The customer indemnifies the provider from all claims that third parties assert against the provider due to improper, contractually non-compliant, or unlawful use of the rented item, unless the customer is not responsible for this. In the event of indemnification under sentence 1, the customer shall compensate the provider for any damage incurred by the provider due to improper, contractually non-compliant, or unlawful use, including any costs of legal defense. The user shall immediately inform the provider if third parties assert claims due to improper, contractually non-compliant, or unlawful use of the goods and shall support the provider in defending against such claims.

10.12 Assignment, Pledge, Prohibition of Transfer of Use

Claims or rights of the customer against the provider may not be assigned or pledged without the provider's consent, unless the customer has demonstrated a legitimate interest in the assignment or pledge. During the term of the rental agreement, any goods in the customer's possession that nevertheless belong to the provider or one of its business partners, sister or subsidiary companies, or other contractual partners may not be transferred to a third party, sublet, leased, sold, encumbered with a lien, or otherwise made the subject of a transaction by the customer.

10.13 Privacy policy

The data protection provisions are outlined in our privacy policy.

10.14. Online dispute resolution and consumer arbitration board

If the customer is a consumer, the following notice applies: The European Commission provides a platform for online dispute resolution, which can be found at http://ec.europa.eu/consumers/odr/. The provider is neither willing nor obliged to participate in dispute resolution proceedings before consumer arbitration boards.

10.15 Customer Service

You can reach our customer service using the contact information published on our website.

10.16 Changes

The provider is entitled to make changes to the terms of use at any time, provided that essential provisions of the contractual relationship (in particular nature and scope, term, termination) are not affected.
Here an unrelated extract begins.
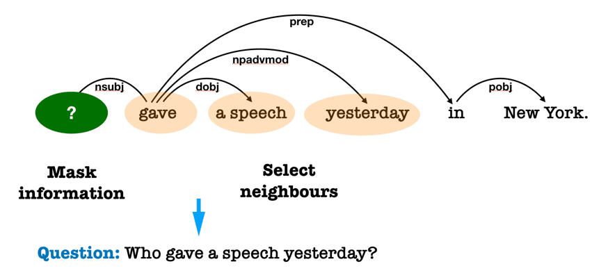 问题生成的过程可以从语法树的角度去观察:选择答案片段就像是从语法树中覆盖了一部分信息,而选择线索片段(clue)的过程就是在覆盖的信息附近,选择一部分节点作为提示输出到问题中。

The amended terms will be communicated to the customer in writing at least six weeks before they take effect. The changes will be deemed approved if the customer does not object to them within six weeks of receiving the notification. The provider will separately inform the customer about the possibility of objection and the deadline for doing so. If the right to object is exercised, the changes will not become part of the contract, and the contract will continue unchanged.

In the event of a timely objection by the customer to the amended subscription model terms, the provider is entitled to terminate the contract with the customer at the time the changes take effect, while preserving the legitimate interests of the customer. Corresponding user content will then be deleted from the database. The user cannot claim any rights against the provider in this regard.

10.17 Applicable Law

The terms and conditions (AGB) and the contractual relationship between the provider and the customer are governed by the law of the Federal Republic of Germany. The application of German international private law and the UN Sales Convention is excluded. If the customer is a consumer, the choice of law does not result in the loss of protection afforded to the customer under the mandatory consumer protection provisions of the law applicable at their habitual residence. The choice of law also does not mean that the customer must enforce their rights before a foreign court.

10.18 Final Provisions

Should individual provisions of the terms and conditions (AGB/VBA) be ineffective, this does not affect the validity of the remaining provisions. If the customer is a merchant within the meaning of the Commercial Code, Innsbruck (AT) is agreed upon as the place of jurisdiction for all disputes arising between the customer and the provider.